====== Data supplied

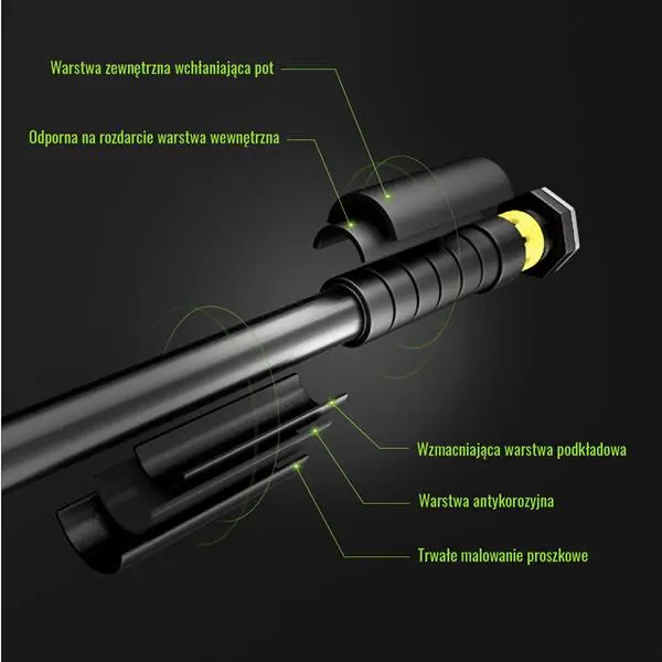 - Komfort użytkowania: Uchwyty pokryte specjalnym materiałem absorbującym pot, który zapobiega ślizganiu się dłoni.
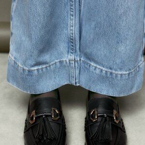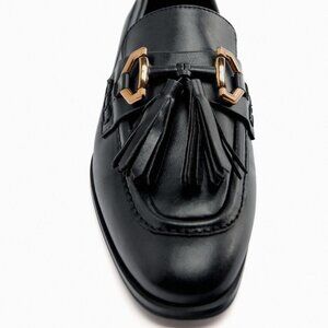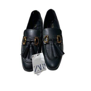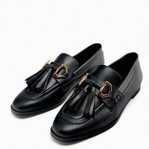 Zara Women's MOCASSIN WITH TASSEL Black/Gold Loafers
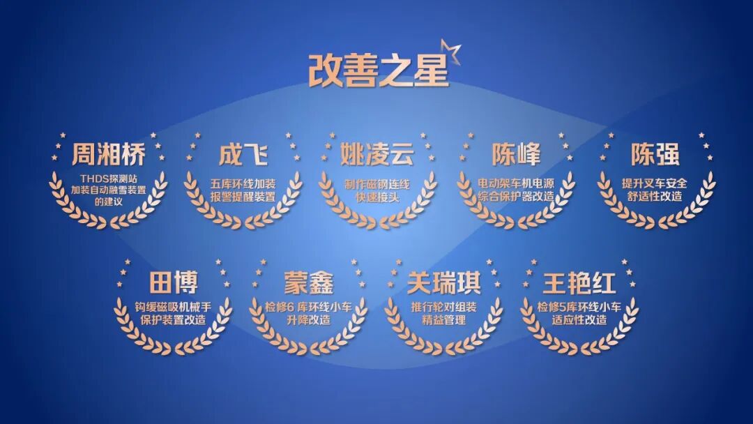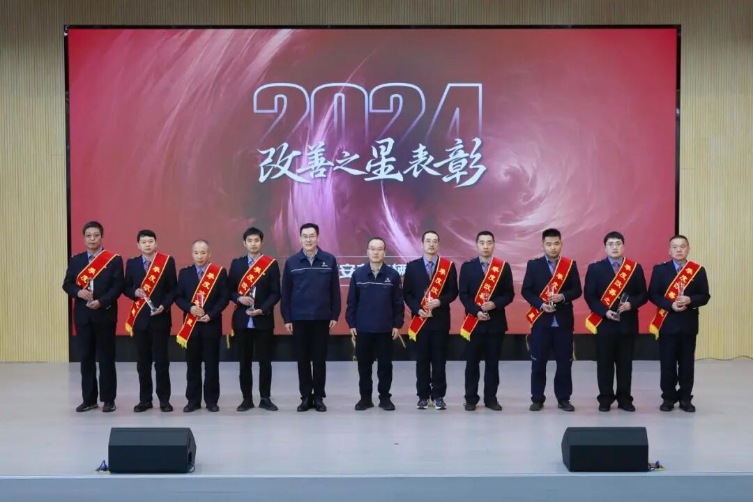 通报了集团公司三等奖以上,以及段一等奖合理化建议(改善提案)成果,评选季度改善之星并颁发奖杯。
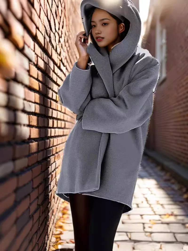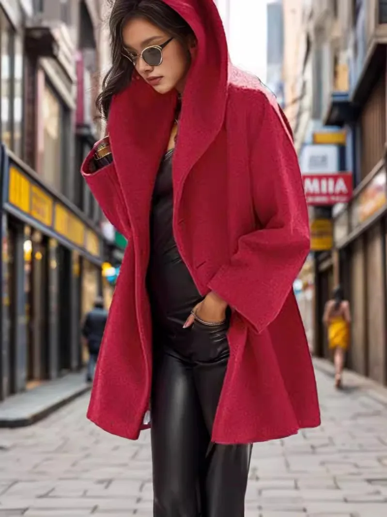 Caratterizzato da un cappuccio elegante, questo cappotto aggiunge un ulteriore livello di protezione contro gli elementi mantenendo un look chic.
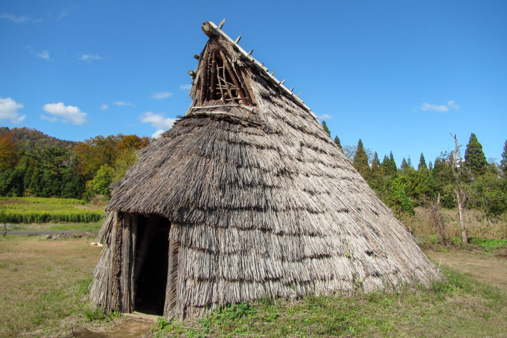 土器を発明し、定住的な生活が始まった縄文時代、竪穴住居が作られる。中央に炉を配し、柱は沖ノ原遺跡の事例ではクリ、ブナ、ナラの木などが利用されていたことが明らかとなっている。上屋構造は不明であるが茅葺や土葺きであったと考えられる。
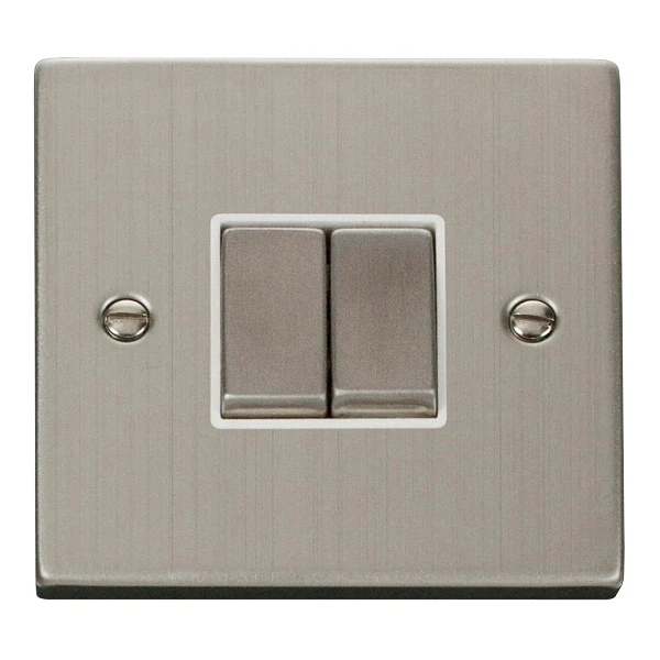 Plate Switch 2 Gang 2 Way 10A Stainless Steel White Insert Victorian
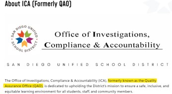 Isn’t it a coincidence that the NEW QAO department where ALL SDUSD Stakeholders are to file complaints is now called ICA?

============

• **Task goal**:
Find where the line with "通报了集团公司三等奖以上,以" sits in the material above and where the line with "Plate Switch 2" sits. Set down exactly the lines from the first to the second, both included and nothing else, without pictures.

• **Result for this task**:
 通报了集团公司三等奖以上,以及段一等奖合理化建议(改善提案)成果,评选季度改善之星并颁发奖杯。
 Caratterizzato da un cappuccio elegante, questo cappotto aggiunge un ulteriore livello di protezione contro gli elementi mantenendo un look chic.
 土器を発明し、定住的な生活が始まった縄文時代、竪穴住居が作られる。中央に炉を配し、柱は沖ノ原遺跡の事例ではクリ、ブナ、ナラの木などが利用されていたことが明らかとなっている。上屋構造は不明であるが茅葺や土葺きであったと考えられる。
 Plate Switch 2 Gang 2 Way 10A Stainless Steel White Insert Victorian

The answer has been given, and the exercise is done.